SAP BusinessObjects is working on a new design framework called LAVA (Lightweight Applied Visual Analytics), a methodology that will change the way data is displayed to move away from traditional dashboards.
The details of LAVA were discussed in a blog post by Anita Gibbings, SAP’s director of BI solutions marketing.
The thinking behind LAVA starts with the familiar software dashboard; Gibbings points out that while the dashboard metaphor is a good one for displaying critical status information, it’s not necessary to limit software to the physical forms and their associated limitations. Round information displays, like pie charts and rotary dials, are less-efficient and -effective holdovers from mechanical displays, and don’t illustrate one-dimensional quantitative expressions well because people find it difficult to accurately perceive spatial relationships of round areas, and it’s difficult to insert text titles in the segments. Gibbings also points out that traffic lights are obvious for “stop, go, caution” but are an awkward, forced translation into “bad, good, and so-so”.
The good parts of dashboards - horizontal bar charts with labels placed above the bars, with ample space for full labels, a wider bar area for more precise quantitative plots, and a clear comparison between the grouped bars, is, says Gibbing, a technique that along with many others is being built into SAP’s visual analytic tools via LAVA, the new visual analytics design language.
Design Languages are more a framework than a language, a basic set of guidelines, forms, and techniques to be used across products to ensure best practices, consistency, and reliability. The LAVA design has six main factors with Lean Appearance being the first. This is a clean, minimal display style that focuses on the data itself rather than on “irrelevant faux decorations like gradations, drop shadows, or reflective surfaces.”
Points are next; mini charts with pre-determined constraints to ensure clear and efficient depiction of simple quantitative facts. Gibbings says: “Think of them as ‘chart tweets’."
Channels, simple containers for displaying and navigating to multiple Points and Charts, are another of the ideas behind LAVA. What SAP means by channels is a way to collect and deploy analytic components in a display space by giving a way to cycle among a set of charts gathered into a collection. The user would move between the charts using ‘cross platform’ methods such as clicking or tapping the left/right arrows, or swiping on a touch screen.
Boards are containers for channels and free-standing charts, and are essentially dashboards renamed to "create distance from the previous generation of “dashboards” and their legacy constraints.”

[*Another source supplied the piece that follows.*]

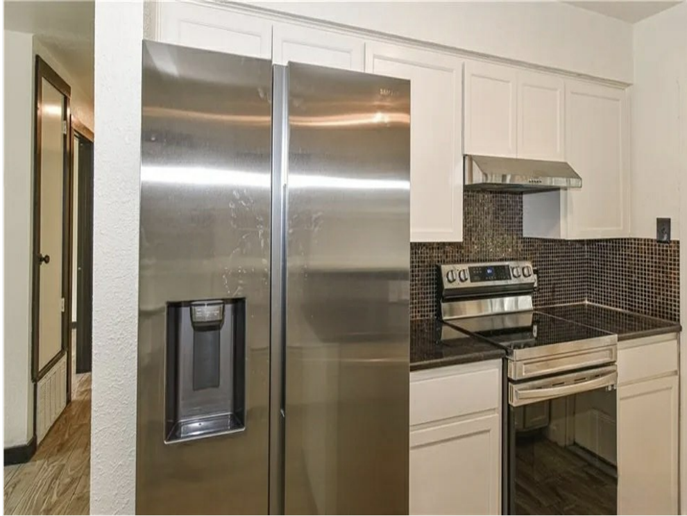
2905 BR appliance

A key feature of the display is that of the lattice chart. These are essentially multi-layer bar charts that users can manipulate by drilling-down, filtering and other operations. Gibbings says they’re a type of metacharts, charts that are bigger and more sophisticated than a typical chart, but smaller and less specific than a custom analytic application: “They fill a niche to provide pre-configured and embeddable display, manipulation, personalization, and light analysis experiences to a wider body of less-technical and less-analytic users.” Lattice charts have controls for manipulation embedded in the content display itself, doing away with the separate palettes, toolbars, and control panels located in the frames of traditional applications.
The final idea in LAVA is the annoyingly named Sn@p navigation. This lets users reuse existing elements to create their own displays, particularly by reusing the points mini charts, collecting them into Highlights pages and having them serve as small-footprint representations of their parent Boards while embedded within other applications, according to the blog post.
The ideas behind LAVA are being used to develop future versions of SAP visual analytics, and Gibbings says more details will be given ‘probably in a month or so’ on how and when LAVA will be made available in SAP Lumira and elsewhere. That, by coincidence, is when SAP's annual Business Objects user group conference happens.